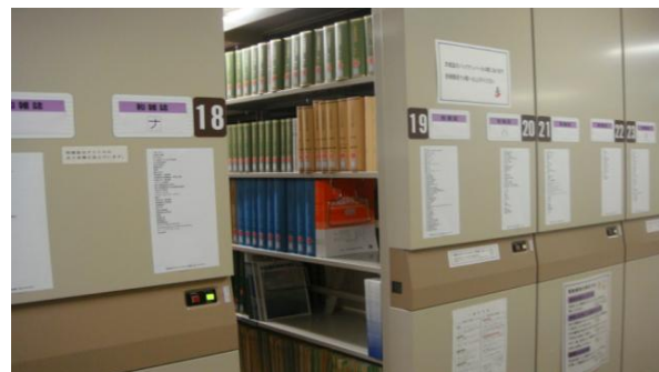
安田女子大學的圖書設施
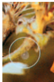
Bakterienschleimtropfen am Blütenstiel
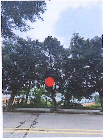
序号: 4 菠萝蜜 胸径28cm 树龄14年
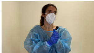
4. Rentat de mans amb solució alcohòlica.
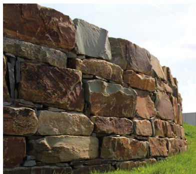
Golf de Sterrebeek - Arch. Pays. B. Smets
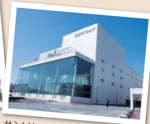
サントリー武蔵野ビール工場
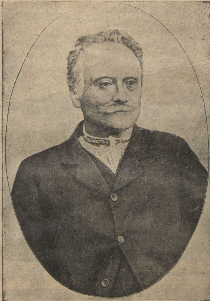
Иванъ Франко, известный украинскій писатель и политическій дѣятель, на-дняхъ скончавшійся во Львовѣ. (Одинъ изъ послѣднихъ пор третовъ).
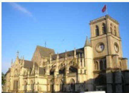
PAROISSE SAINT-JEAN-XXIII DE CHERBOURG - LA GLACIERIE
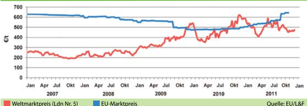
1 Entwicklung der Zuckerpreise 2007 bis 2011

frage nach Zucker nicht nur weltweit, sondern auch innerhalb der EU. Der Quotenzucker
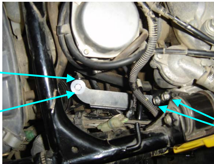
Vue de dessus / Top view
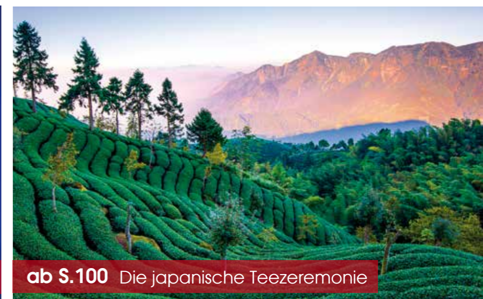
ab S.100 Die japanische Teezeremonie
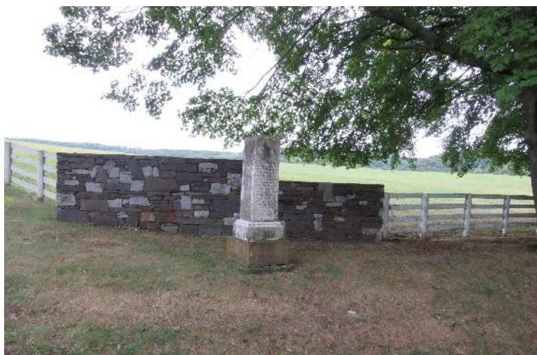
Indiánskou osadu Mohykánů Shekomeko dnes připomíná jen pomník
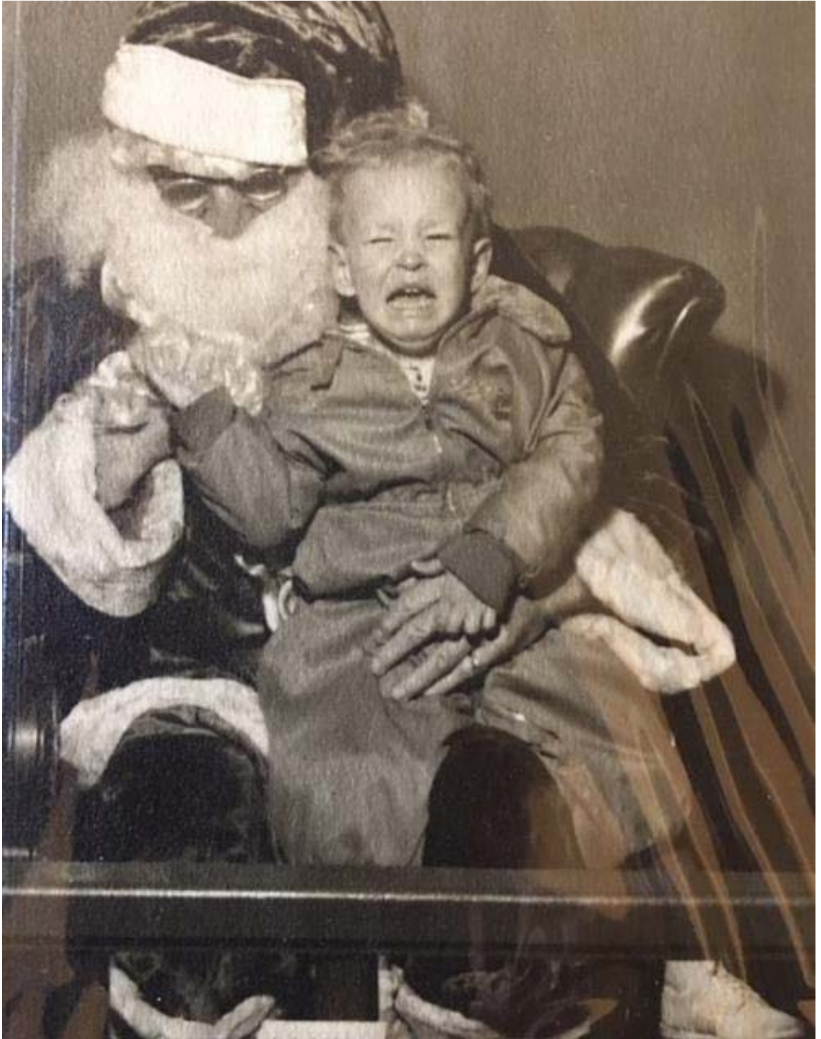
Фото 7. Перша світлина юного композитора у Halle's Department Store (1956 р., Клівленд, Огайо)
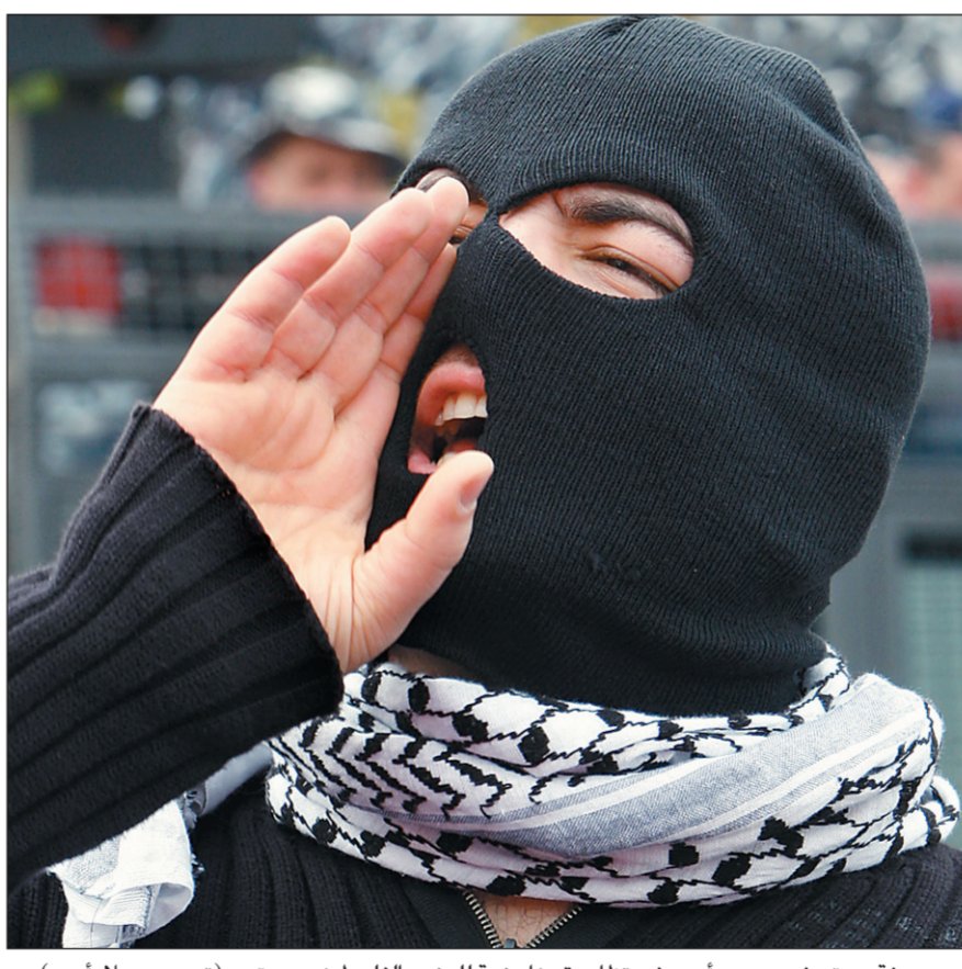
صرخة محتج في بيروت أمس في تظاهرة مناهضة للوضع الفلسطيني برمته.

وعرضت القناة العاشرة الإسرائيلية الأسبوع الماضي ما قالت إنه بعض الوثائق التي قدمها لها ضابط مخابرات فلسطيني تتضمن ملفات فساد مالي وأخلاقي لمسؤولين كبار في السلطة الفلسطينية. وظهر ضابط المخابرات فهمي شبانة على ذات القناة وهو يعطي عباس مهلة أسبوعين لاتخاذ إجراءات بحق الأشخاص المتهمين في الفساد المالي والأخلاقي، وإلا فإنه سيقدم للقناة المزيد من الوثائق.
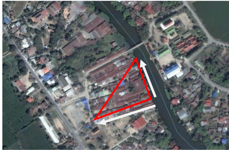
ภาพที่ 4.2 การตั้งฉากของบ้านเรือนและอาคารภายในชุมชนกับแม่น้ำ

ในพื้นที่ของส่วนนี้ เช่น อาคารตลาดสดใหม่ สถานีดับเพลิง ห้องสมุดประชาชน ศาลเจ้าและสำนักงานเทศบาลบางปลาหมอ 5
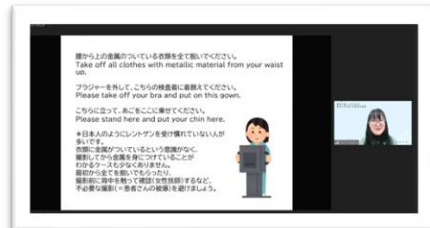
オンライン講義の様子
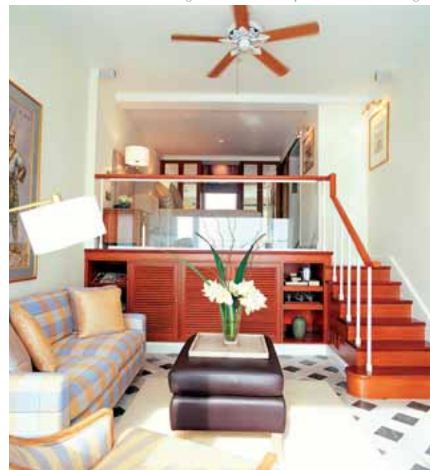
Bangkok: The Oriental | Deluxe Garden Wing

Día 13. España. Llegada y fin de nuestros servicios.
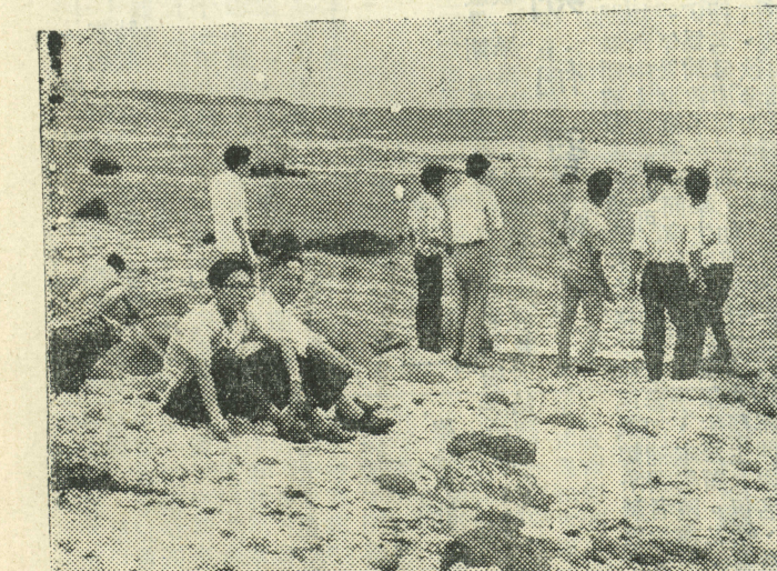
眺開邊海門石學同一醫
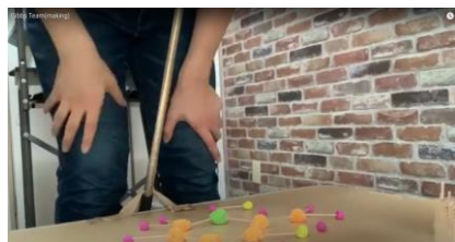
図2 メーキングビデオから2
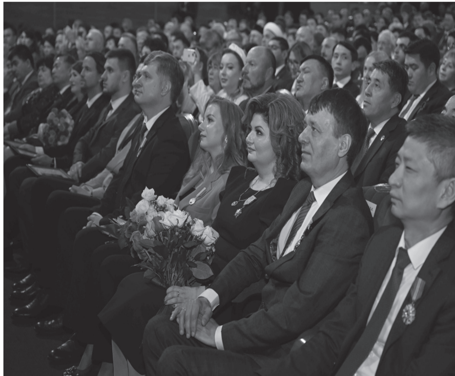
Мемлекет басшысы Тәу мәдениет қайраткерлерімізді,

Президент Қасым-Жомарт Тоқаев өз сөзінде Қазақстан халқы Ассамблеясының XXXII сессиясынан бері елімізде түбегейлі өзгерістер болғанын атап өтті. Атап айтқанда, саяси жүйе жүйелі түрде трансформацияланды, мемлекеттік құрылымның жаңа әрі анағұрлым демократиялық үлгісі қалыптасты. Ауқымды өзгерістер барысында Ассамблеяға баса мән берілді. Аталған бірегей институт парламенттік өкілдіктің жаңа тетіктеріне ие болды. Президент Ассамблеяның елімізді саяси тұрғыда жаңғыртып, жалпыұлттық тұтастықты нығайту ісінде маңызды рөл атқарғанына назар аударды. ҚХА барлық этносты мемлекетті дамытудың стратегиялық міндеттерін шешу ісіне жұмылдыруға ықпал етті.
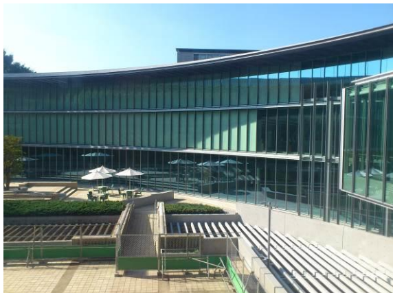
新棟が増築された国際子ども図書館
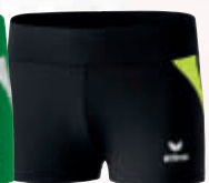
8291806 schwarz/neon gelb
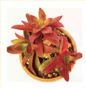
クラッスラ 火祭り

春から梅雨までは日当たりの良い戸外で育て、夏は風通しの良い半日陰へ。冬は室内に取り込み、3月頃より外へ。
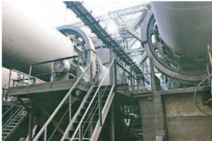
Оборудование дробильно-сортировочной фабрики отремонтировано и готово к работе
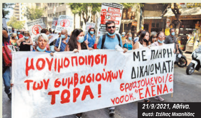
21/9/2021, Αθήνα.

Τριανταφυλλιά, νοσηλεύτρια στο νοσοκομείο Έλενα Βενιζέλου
***
Your answer should consist of the lines above between those holding "序号: 4 菠萝蜜 胸径28cm 树龄14年" and "صرخة محتج في", inclusive, reproduced word for word and without pictures.

序号: 4 菠萝蜜 胸径28cm 树龄14年
4. Rentat de mans amb solució alcohòlica.
Golf de Sterrebeek - Arch. Pays. B. Smets
サントリー武蔵野ビール工場
Иванъ Франко, известный украинскій писатель и политическій дѣятель, на-дняхъ скончавшійся во Львовѣ. (Одинъ изъ послѣднихъ пор третовъ).
PAROISSE SAINT-JEAN-XXIII DE CHERBOURG - LA GLACIERIE
1 Entwicklung der Zuckerpreise 2007 bis 2011

frage nach Zucker nicht nur weltweit, sondern auch innerhalb der EU. Der Quotenzucker
Vue de dessus / Top view
ab S.100 Die japanische Teezeremonie
Indiánskou osadu Mohykánů Shekomeko dnes připomíná jen pomník
Фото 7. Перша світлина юного композитора у Halle's Department Store (1956 р., Клівленд, Огайо)
صرخة محتج في بيروت أمس في تظاهرة مناهضة للوضع الفلسطيني برمته.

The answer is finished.